- Interactive map of the Los Faros de Panamá area

General information
- Status: Never built
- Type: Mixed-use
- Location: Punta Pacífica Panama City
- Construction started: 2006
- Construction stopped: January 2009
- Estimated completion: 2010

Height
- Antenna spire: 346 m (1,135 ft)
- Roof: 290 metres (951 ft)

Technical details
- Floor count: 84

Design and construction
- Architect: Chapman Taylor
- Developer: Hogalia Internacional / Grupo Mall
- Structural engineer: Arup Group

Other information
- Number of rooms: 801

= Faros del Panamá =

The Los Faros de Panamá is a skyscraper complex currently cancelled in Panama City, Panama. The complex, designed by Chapman Taylor, includes Torre Central (Central Tower), an 84 floor building with a planned height of 346 metres (1,135 feet). As its name states, Torre Central is in the middle of Faros de Panamá's three tower complex. Torre Central will be the tallest of the three, rising from a common podium with the other two towers. The two smaller towers, rising on either side of Torre Central will be similar in design. They are named, very simply, Torre Oeste (West Tower) on the west and Torre Este (East Tower) on the east. Despite being small compared to Torre Central, the East and West Tower will still be 290 m (951 feet) tall and have 73 floors. The name of the complex, Los Faros de Panamá, translates into English as Lighthouses of Panama.

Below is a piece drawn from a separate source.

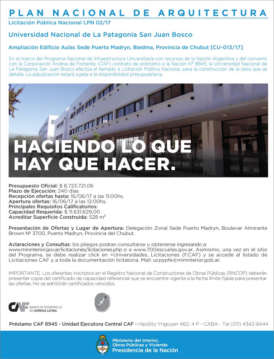 En el marco del Programa Nacional de Infraestructura Universitaria con recursos de la Nación Argentina y del convenio con la Corporación Andina de Fomento (CAF) contrato de préstamo a la Nación N° 8945, la Universidad Nacional de la Patagonia San Juan Bosco efectúa el llamado a Licitación Pública Nacional, para la construcción de la obra que se detalla. La adjudicación estará sujeta a la disponibilidad presupuestaria.

The project was paralyzed by financial problems and has now been cancelled. It is extremely unlikely that the complex will ever be constructed. Had it been constructed, the Central Tower would likely have been the tallest building in Latin America.

In 2010 the project's foundation was completed, however construction has not progressed since then due to financing problems. It would have cost US$600 million to build. It is currently undergoing debt liquidation.